The first time they feel their child move is both exhilarating and terrifying all at once. She barely feels it at first, the beat of a butterfly's wings, or the feeling like she's drunk too much champagne. It's the breathless feeling of fireworks all over again, but this isn't just her emotions running wild, this is what she and Tim have created, and though she's sitting on the couch and reading, as soon as she understands that this is their child moving within her, she yells for him. He runs in, terrified, but then as she presses his hands to her belly, his expression of fear melts away to one of stunned awe, and their eyes meet. He is crying, and she is crying, and she is so grateful to have him returned to her from the dead. He gives her that same look he always has, like she is his galaxy. And yet, as they feel the child move, it is like a whole new galaxy has unfolded before them.

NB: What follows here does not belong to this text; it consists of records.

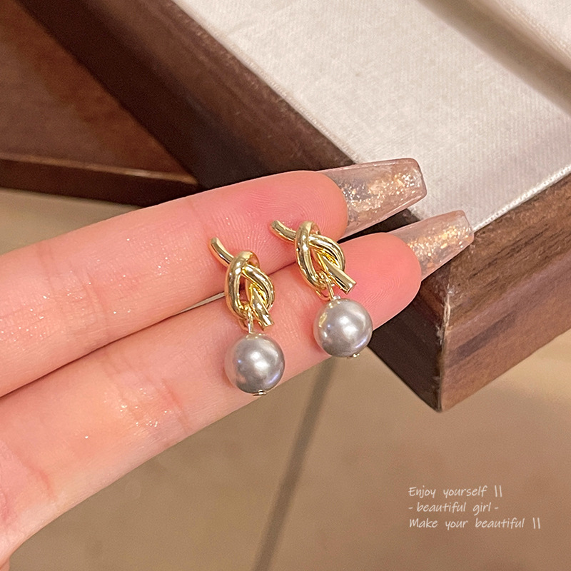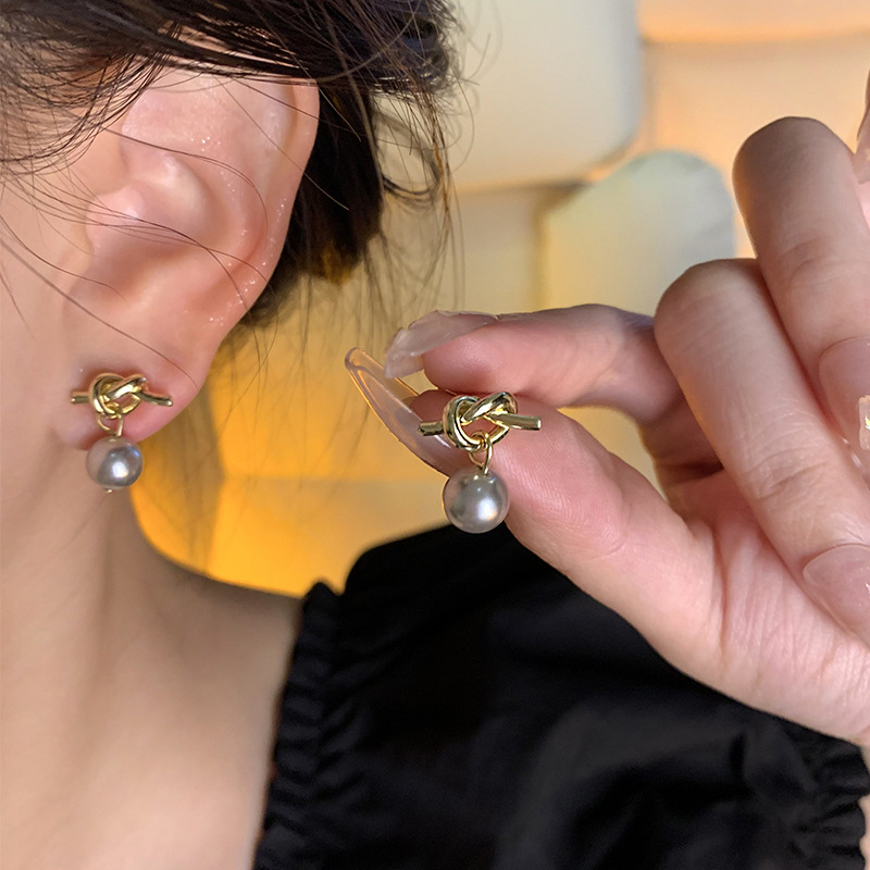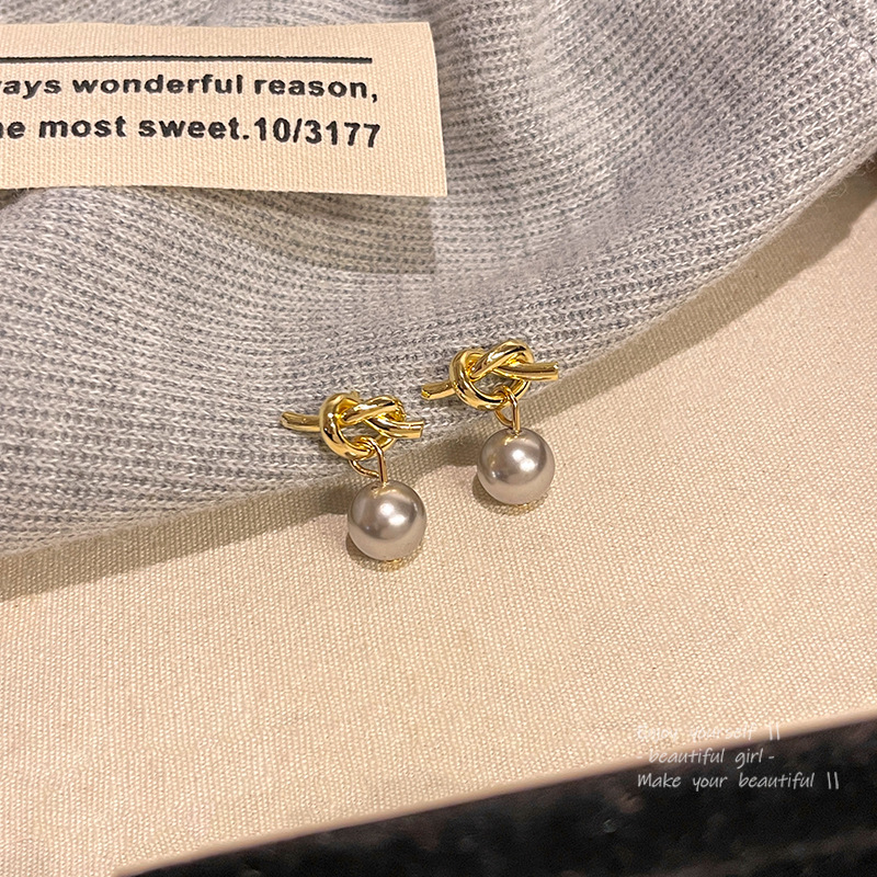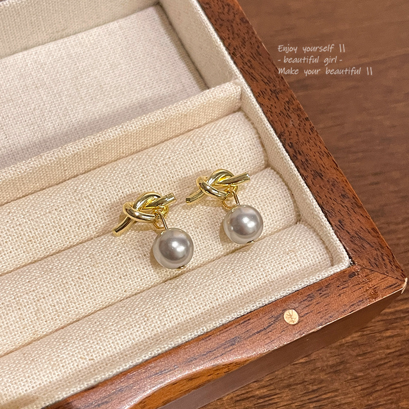 S925银针轻奢小众高级感打结珍珠耳钉女百搭气质网红同款耳钉耳饰
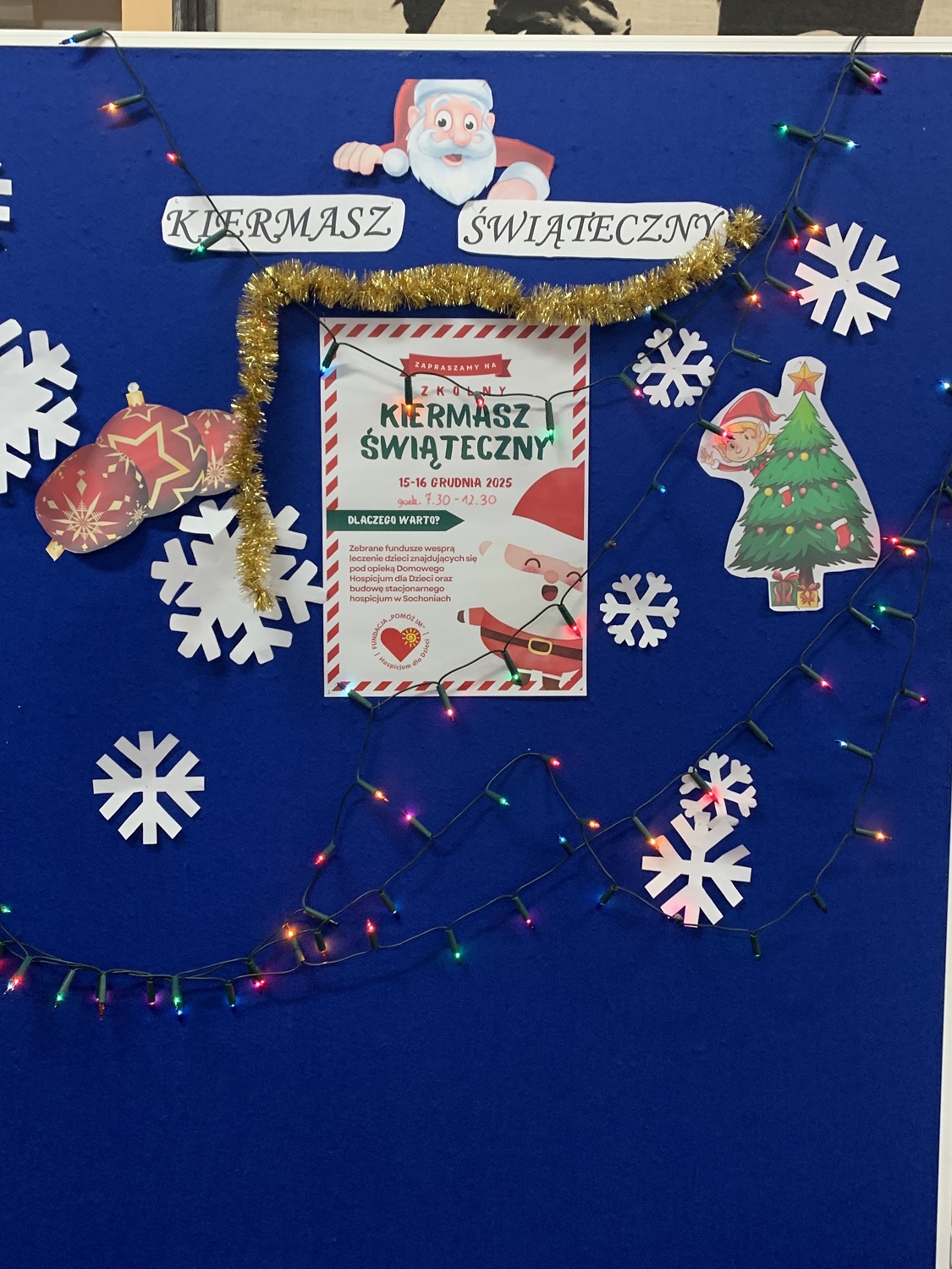 Tegoroczny BOŻONARODZENIOWY KIERMASZ CHARYTATYWNY zorganizowany 15 i 16 grudnia w „małym” i „dużym” budynku naszej szkoły cieszył się ogromnym zainteresowaniem uczniów, rodziców i nauczycieli. Efekt akcji, czyli sprzedaż ozdób choinkowych, stroików i kartek świątecznych przerósł nasze oczekiwania. Zebraliśmy rekordowe 8196, 93 zł! Jak co roku pieniądze przekazane zostały Hospicjum dla Dzieci – Fundacja „Pomóż Im”. Wraz z Wiceprezes Zarządu Fundacji „Pomóż Im” panią Joanną Czupryńską – Kwiatkowską dziękujemy Uczniom, Rodzicom i Nauczycielom Szkoły Podstawowej w Choroszczy za dobro płynące z Waszego serca, bo Wasz dar ma wielkie znaczenie.
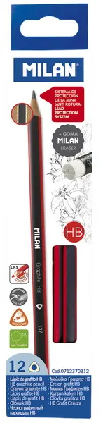 dřevěné • s pryží • trojhranné • nelámavá tuha • tvrdost HB • vhodné pro psaní i kreslení • 12 ks v balení
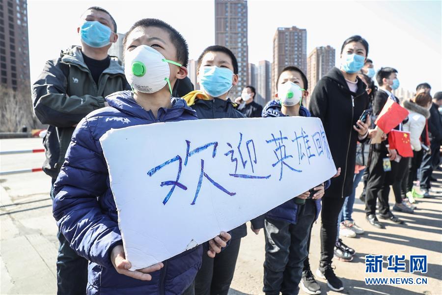 遼寧沈陽(yáng)一高速公路出口,男孩們列隊(duì)歡迎遼寧對(duì)口支援襄陽(yáng)醫(yī)療隊(duì)歸來(lái)(3月21日攝)。新華社記者潘昱龍攝
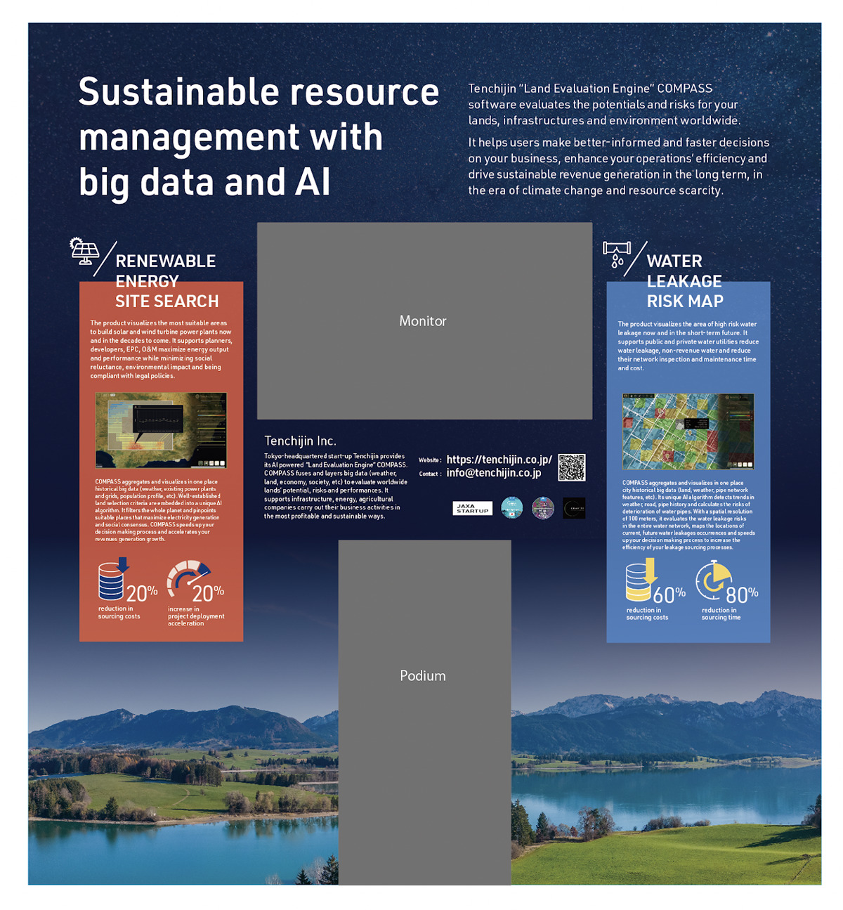 天地人は、Thailand Space Week 2023の「Japan Pavilion」に出展し、無料のオンラインGISプラットフォーム『天地人コンパス』の活用事例を展示します。
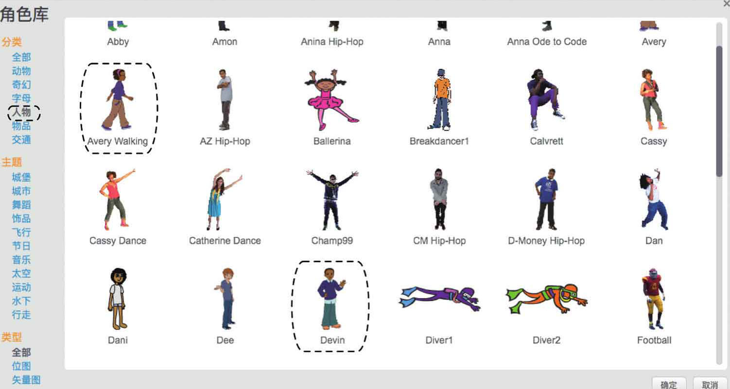 第三步,如图2-11所示,在角色列表区的右上方“新建角色”旁边的第一个图标“从角色库中选取角色”。我们从角色库中找到“Avery Walking”来模拟电小白,Devin模拟托勒密五世。Scratch为便于开发者快速从角色库中找到自己需要的角色,将全部角色进行了分类,如:动画、人物、物品、交通等。此例中用到的角色可以从人物这一分类中快速查找。
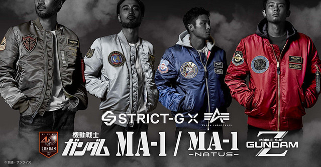 萬代推廣鋼彈事業真的是不遺餘力,玩的、用的、吃的,幾乎都能參上一腳,現在就連最流行的 MA-1 飛行夾克外套,鋼彈也要來好好參與一下。在日本將鋼彈文化與要素融合進潮流服飾的品牌「STRICT-G」,為了慶祝鋼彈作品誕生 40 周年,特別與製作軍用飛行夾克外套 MA-1 而知名的品牌「ALPHA INDUSTRIES」聯手合作,推出了四款以《機動戰士鋼彈》與《機動戰士Z鋼彈》為主題的聯名飛行夾克商品。預計 2019 年 11 月推出。
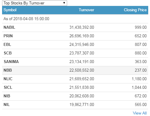Top turnover of day is Nabil bank with turnover of 3.14 crore followed by Prabhu insurance by 2.66 crore, Everest bank by 2.43 crore, Standard chartered bank by 2.37 crore, sanima bank by 2.31 crore, etc.
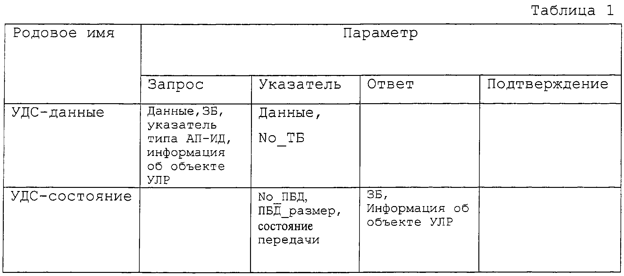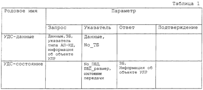 Таблица 1 иллюстрирует примитивы, определенные для передачи данных и управляющей информации между УЛР и УДС в обычной системе связи Ш-МДКР, не поддерживающей ВСПДН. В Таблице 1 примитив УДС-данные – примитив для обмена данными между УЛР и УДС – включает в себя поле “Запроса” для передачи данных из УЛР в УДС и поле “Указателя” для передачи данных из УДС в УЛР. Далее поле “Запроса” для УДС-данные может включать информацию о занятости буфера (ВО, ЗБ), указывающую на заполненный объем буфера УЛР после передачи данных, информацию о типе АП-ИД и информацию об объекте УЛР для выбора КТФ, а поле “Указатель” может включать информацию по числу No_TB транспортных блоков (ТВ, ТБ) передаваемых данных. В варианте настоящего изобретения осуществляется сообщение о событии возврата УЛР в исходное состояние, используя примитив УДС-данные в системе связи, использующей ВСПДН.
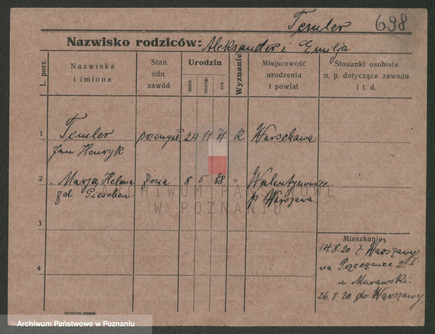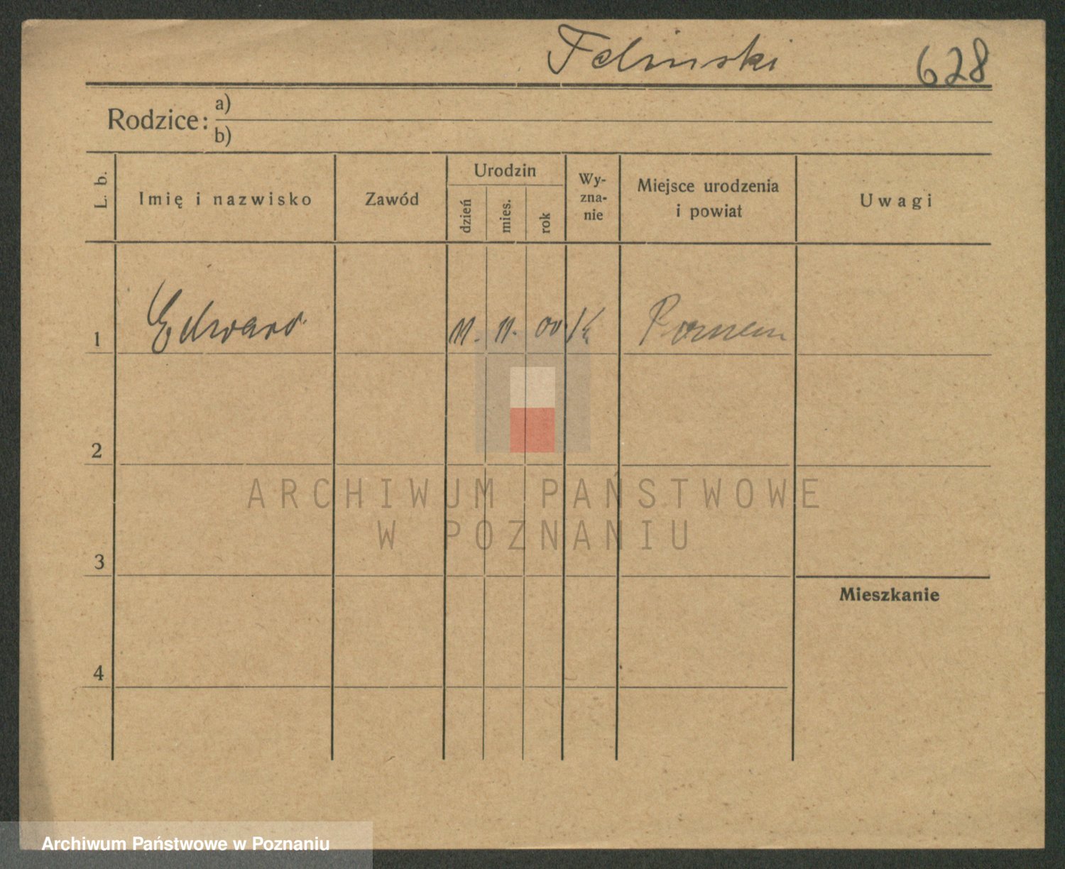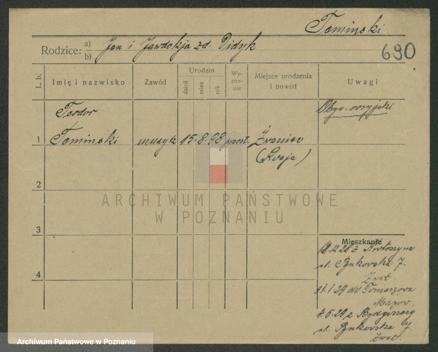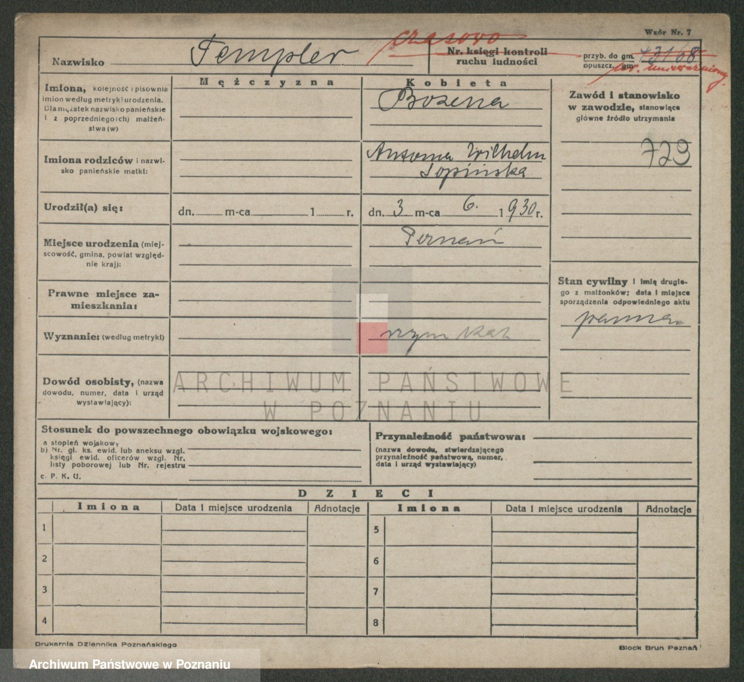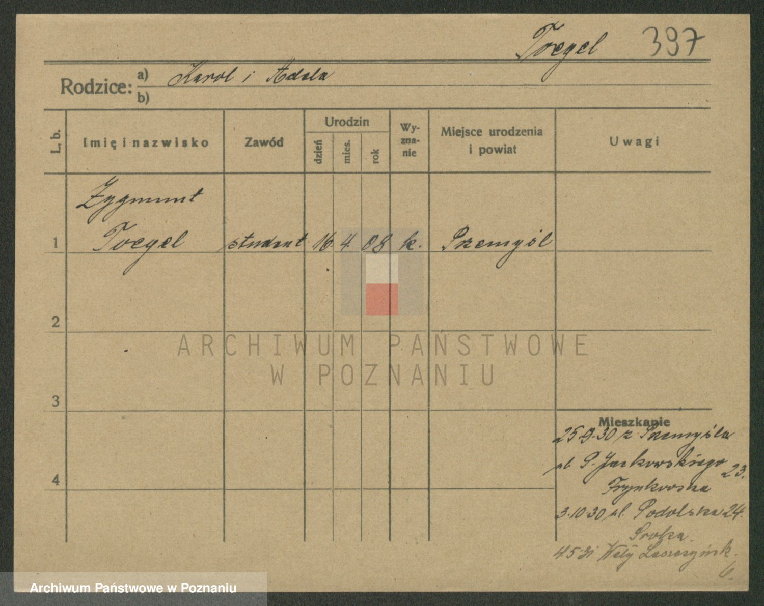 Podgląd karty osobowej dostępny jest po kliknięciu na nazwisko lub ikonkę karty. Można dokonywać powiększenia (ikony na górze) lub przechodzić między kolejnymi skanami (strzałki po bokach).

The first time they meet their children, they are both exhausted and exhilarated and overwhelmed, because they have not one child, but two. In the course of an hour, they have become parents, and she watches him hold his baby girl for the first time, as she clutches their son in her arms, not wanting to ever let go. That look he once reserved for her has now been turned on their daughter, and she marvels that this is their galaxy. They are caught in each other's gravity, and what more could she ask for? Because this is her husband and her children, and she thinks back to a cramped elevator and Tim joking about naming their firstborn son Han, and now she is holding that very same firstborn son. Tim tells her he loves her, and he looks at his daughter like an archaeologist, with the most precious find of his career in his arms.

In hindsight, she thinks of that first flicker of something she felt when they met. She understands that they were written in the stars. And she knows, sure as anything, that she will wake up every day, with him beside her, and think to herself "it's you" every day. He is hers, and she is his, and they have two wonderful children. From the first moment, he's always been the Han to her Leia. Her Timothy. His Delilah. From that very first moment they shared.